Grundfragen der medizinischen Verwendung von Cannabis

(lifePR) ( München, )
Seit März 2017 ist Cannabis in Deutschland als „Medikament letzter Wahl“ zugelassen. Dieses Großexperiment wird von einigen mit Freude, von anderen mit Sorge betrachtet, da die Risiken des Missbrauchs der Verordnungen aus suchmedizinischer Sicht offensichtlich sind. Die Parallele zur „Janusköpfigkeit“ der Opioide ist dabei zu beachten.

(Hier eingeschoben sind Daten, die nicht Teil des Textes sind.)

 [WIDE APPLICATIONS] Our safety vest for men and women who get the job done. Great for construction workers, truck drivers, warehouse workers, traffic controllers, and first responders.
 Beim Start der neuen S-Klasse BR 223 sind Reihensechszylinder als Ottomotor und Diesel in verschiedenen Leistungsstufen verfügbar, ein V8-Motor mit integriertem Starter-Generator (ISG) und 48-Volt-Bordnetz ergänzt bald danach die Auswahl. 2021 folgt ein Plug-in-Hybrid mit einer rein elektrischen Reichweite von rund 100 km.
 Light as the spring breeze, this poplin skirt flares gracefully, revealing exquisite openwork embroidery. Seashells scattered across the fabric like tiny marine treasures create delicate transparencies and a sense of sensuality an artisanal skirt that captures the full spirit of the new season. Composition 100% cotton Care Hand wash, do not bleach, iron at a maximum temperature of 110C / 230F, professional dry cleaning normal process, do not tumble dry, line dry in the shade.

Das 17. Suchtforum in Bayern informiert über den aktuellen Stand der Erkenntnisse aus Wissenschaft und Praxis rund um Cannabis als Medizin. Neben pharmazeutischen Aspekten wird Grundlagenwissen zur Verordnung und zum Einsatz von Cannabis als Arzneimittel vermittelt. Hierbei werden ebenso die aktuellen Erfahrungen aus der Behandlungspraxis als auch der Begutachtungspraxis des Medizinischen Dienstes der Krankenversicherung in Bayern berücksichtigt.

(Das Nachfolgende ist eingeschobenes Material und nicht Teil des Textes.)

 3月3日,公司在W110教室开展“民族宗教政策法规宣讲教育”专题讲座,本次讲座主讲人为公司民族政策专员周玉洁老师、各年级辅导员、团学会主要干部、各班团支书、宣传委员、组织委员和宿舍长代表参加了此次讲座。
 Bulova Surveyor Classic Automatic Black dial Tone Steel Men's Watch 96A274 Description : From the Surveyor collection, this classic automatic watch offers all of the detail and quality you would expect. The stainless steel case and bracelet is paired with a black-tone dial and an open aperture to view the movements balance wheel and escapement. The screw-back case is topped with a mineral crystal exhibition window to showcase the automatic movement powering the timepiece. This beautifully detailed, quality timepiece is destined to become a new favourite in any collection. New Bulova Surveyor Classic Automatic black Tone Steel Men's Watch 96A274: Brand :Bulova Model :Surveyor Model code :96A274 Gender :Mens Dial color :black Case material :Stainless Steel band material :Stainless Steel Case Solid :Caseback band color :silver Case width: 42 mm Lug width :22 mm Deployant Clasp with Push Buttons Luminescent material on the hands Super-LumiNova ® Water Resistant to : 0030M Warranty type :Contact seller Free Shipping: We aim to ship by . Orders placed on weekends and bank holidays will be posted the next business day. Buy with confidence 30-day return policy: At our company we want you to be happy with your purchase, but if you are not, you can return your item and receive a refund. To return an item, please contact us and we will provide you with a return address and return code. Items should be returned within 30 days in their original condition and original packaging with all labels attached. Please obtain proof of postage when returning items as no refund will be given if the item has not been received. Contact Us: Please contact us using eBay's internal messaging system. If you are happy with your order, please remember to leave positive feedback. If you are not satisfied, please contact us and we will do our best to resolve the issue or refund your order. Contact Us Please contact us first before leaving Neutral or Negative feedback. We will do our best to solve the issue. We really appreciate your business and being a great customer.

„Cannabishaltige Arzneimittel sind eine sinnvolle Ergänzung für Patientinnen und Patienten mit bestimmen schweren Erkrankungen und vor allem für Tumorpatienten. Cannabis ist aber auch immer noch ein Rauschmittel und kein Allheilmittel und muss mit Augenmaß verordnet werden. Beachtet werden muss auch die optimale Darreichungsforum von Cannabis-Produkten. Aus Patientensicht ist die Kostenübernahme durch die Gesetzliche Krankenversicherung ein wichtiger Punkt. Die vorgeschriebene Begleiterhebung ist zwar ein Mehraufwand für den Arzt, bildet aber eine sinnvolle Datengrundlage für zukünftige Auswertungen und Studien“, erklärt Dr. Heidemarie Lux, Suchtbeauftragte des Vorstandes der Bayerischen Landesärztekammer (BLÄK).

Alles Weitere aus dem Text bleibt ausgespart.